_PROBLEM TO SOLVE_
Beginning with the line that contains "Fig 1 : Christ", print each line to the end of the data exactly. Omit the pictures.

[Saved data entries]
■ ■ ■ ■ ■ ■ ■

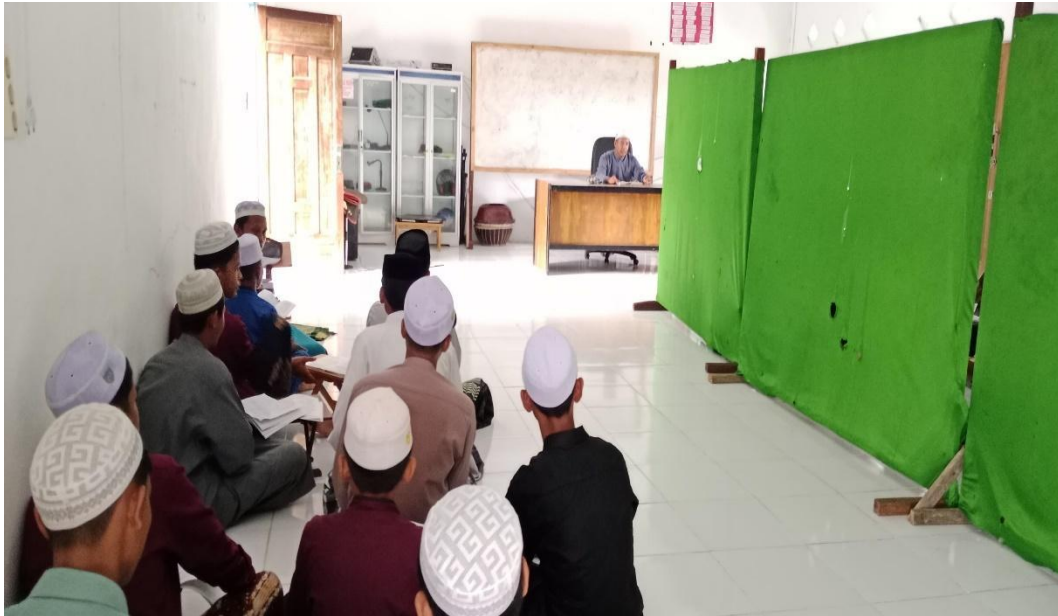
Foto saat santri putra belajar kitab
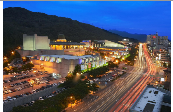
【사업 대상지 '예술의전당'】
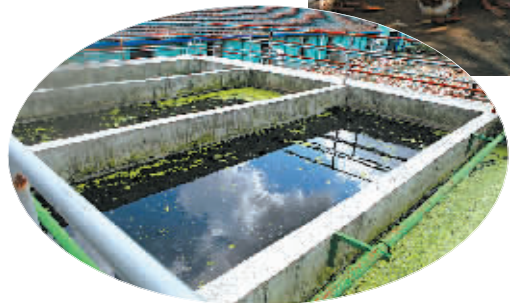
“江南”公司的污水处理池。
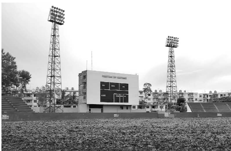
El terreno removido, listo para el relleno y la nivelación.
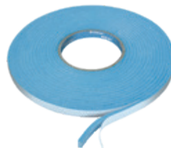
Primur ® rouleau
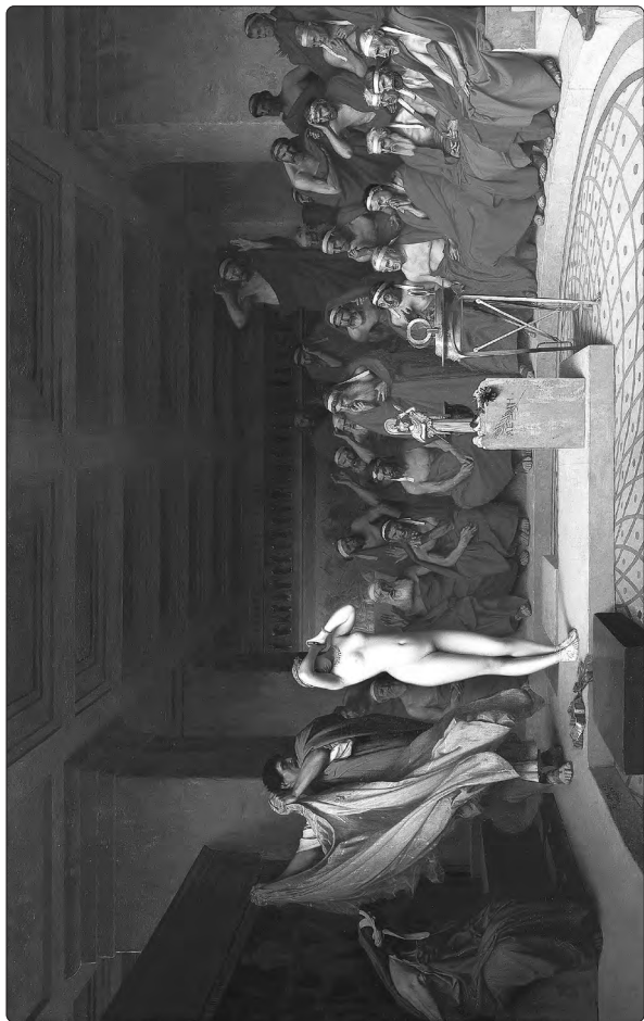
Жан-Леон Жером (1824–1904). Гетера Фріна перед судом присяжних (бл. 1861 р.). 1
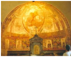
Fig 1 : Christ en gloire (10 e -12 e siècle) Chapelle de la forteresse des Allinges suivie d'un schéma d'identification.
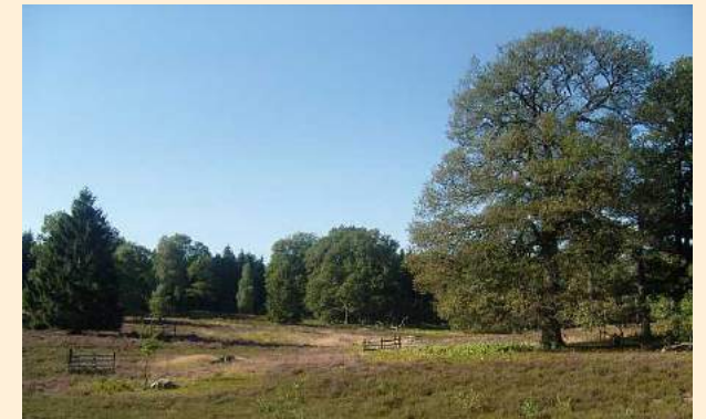
Der Breeser Grund - ein Stück Gührde mit besonderem Reiz

In der Gührde gibt es das erste Waldtheater in Niedersachsen. Das innovative waldpädagogische Konzept richtet sich an Schulklassen und andere Jugendgruppen und hilft den jungen Waldbesuchern spielerisch ein tiefes Verständnis für den Wald und seine Bewohner aufzubauen.

■ ■ ■ ■ ■ ■ ■

_TASK OUTPUT_
Fig 1 : Christ en gloire (10 e -12 e siècle) Chapelle de la forteresse des Allinges suivie d'un schéma d'identification.
Der Breeser Grund - ein Stück Gührde mit besonderem Reiz

In der Gührde gibt es das erste Waldtheater in Niedersachsen. Das innovative waldpädagogische Konzept richtet sich an Schulklassen und andere Jugendgruppen und hilft den jungen Waldbesuchern spielerisch ein tiefes Verständnis für den Wald und seine Bewohner aufzubauen.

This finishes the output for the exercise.